── EXTRACTED RECORDS

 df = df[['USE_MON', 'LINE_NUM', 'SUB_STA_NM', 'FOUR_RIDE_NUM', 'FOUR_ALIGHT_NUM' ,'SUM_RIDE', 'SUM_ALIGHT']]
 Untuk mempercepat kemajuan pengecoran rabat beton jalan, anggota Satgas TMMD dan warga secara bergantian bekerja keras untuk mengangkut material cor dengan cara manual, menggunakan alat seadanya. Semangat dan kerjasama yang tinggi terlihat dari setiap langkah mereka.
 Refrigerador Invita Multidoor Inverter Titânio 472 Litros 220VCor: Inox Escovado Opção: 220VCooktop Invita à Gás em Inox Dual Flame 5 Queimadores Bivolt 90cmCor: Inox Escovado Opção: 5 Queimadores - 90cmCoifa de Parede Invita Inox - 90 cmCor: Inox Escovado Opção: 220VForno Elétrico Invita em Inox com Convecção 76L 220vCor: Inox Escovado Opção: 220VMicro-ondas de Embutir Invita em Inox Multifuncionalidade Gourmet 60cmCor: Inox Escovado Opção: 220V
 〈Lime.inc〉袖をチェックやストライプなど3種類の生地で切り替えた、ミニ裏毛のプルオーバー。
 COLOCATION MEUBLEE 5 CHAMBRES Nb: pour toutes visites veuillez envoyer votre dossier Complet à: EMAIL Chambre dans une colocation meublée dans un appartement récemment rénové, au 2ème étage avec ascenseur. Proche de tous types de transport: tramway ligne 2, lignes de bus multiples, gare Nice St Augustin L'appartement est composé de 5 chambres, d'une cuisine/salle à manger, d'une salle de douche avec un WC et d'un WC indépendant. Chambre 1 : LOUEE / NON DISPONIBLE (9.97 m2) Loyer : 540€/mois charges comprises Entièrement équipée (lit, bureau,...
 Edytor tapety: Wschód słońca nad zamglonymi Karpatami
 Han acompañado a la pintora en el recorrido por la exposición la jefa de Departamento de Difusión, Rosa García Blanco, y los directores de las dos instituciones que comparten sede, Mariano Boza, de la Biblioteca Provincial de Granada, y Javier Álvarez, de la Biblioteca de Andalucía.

────

WHAT TO PRODUCE
Write out only the final block of lines, starting at the line with "Refrigerador Invita Multidoor" and running to the end of the material.

OUTPUT FOR THIS EXERCISE
 Refrigerador Invita Multidoor Inverter Titânio 472 Litros 220VCor: Inox Escovado Opção: 220VCooktop Invita à Gás em Inox Dual Flame 5 Queimadores Bivolt 90cmCor: Inox Escovado Opção: 5 Queimadores - 90cmCoifa de Parede Invita Inox - 90 cmCor: Inox Escovado Opção: 220VForno Elétrico Invita em Inox com Convecção 76L 220vCor: Inox Escovado Opção: 220VMicro-ondas de Embutir Invita em Inox Multifuncionalidade Gourmet 60cmCor: Inox Escovado Opção: 220V
 〈Lime.inc〉袖をチェックやストライプなど3種類の生地で切り替えた、ミニ裏毛のプルオーバー。
 COLOCATION MEUBLEE 5 CHAMBRES Nb: pour toutes visites veuillez envoyer votre dossier Complet à: EMAIL Chambre dans une colocation meublée dans un appartement récemment rénové, au 2ème étage avec ascenseur. Proche de tous types de transport: tramway ligne 2, lignes de bus multiples, gare Nice St Augustin L'appartement est composé de 5 chambres, d'une cuisine/salle à manger, d'une salle de douche avec un WC et d'un WC indépendant. Chambre 1 : LOUEE / NON DISPONIBLE (9.97 m2) Loyer : 540€/mois charges comprises Entièrement équipée (lit, bureau,...
 Edytor tapety: Wschód słońca nad zamglonymi Karpatami
 Han acompañado a la pintora en el recorrido por la exposición la jefa de Departamento de Difusión, Rosa García Blanco, y los directores de las dos instituciones que comparten sede, Mariano Boza, de la Biblioteca Provincial de Granada, y Javier Álvarez, de la Biblioteca de Andalucía.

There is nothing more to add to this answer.